Task inputs »
━━━━━━━━━━━━━━━━
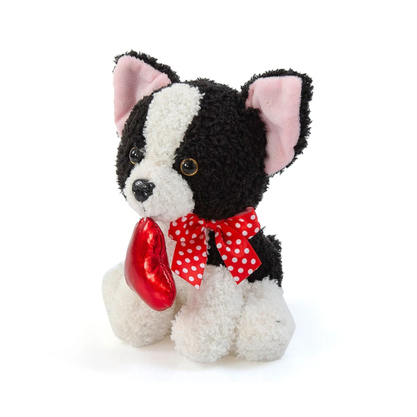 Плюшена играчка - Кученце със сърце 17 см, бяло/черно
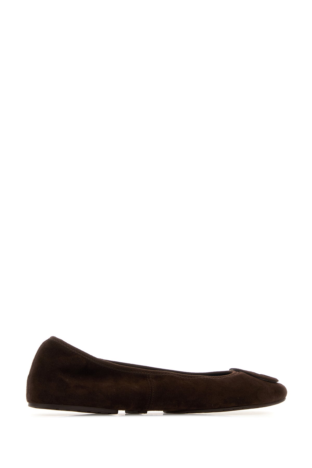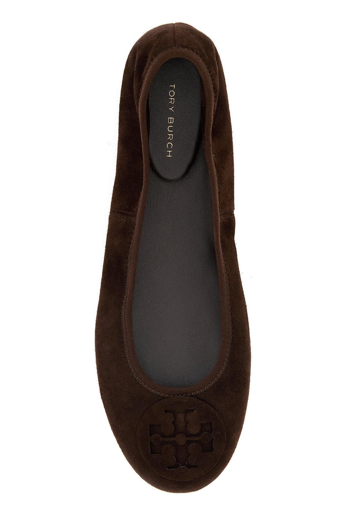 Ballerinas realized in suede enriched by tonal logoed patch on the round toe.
━━━━━━━━━━━━━━━━
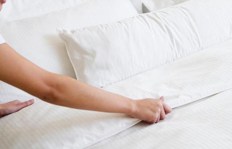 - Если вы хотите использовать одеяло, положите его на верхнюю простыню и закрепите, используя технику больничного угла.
━━━━━━━━━━━━━━━━
Leave the pictures out. Output, exactly, the lines of the material above starting at the line containing "Плюшена играчка - Кученце" and ending at the line containing "Ballerinas realized in".

Answer for the task »
 Плюшена играчка - Кученце със сърце 17 см, бяло/черно
 Ballerinas realized in suede enriched by tonal logoed patch on the round toe.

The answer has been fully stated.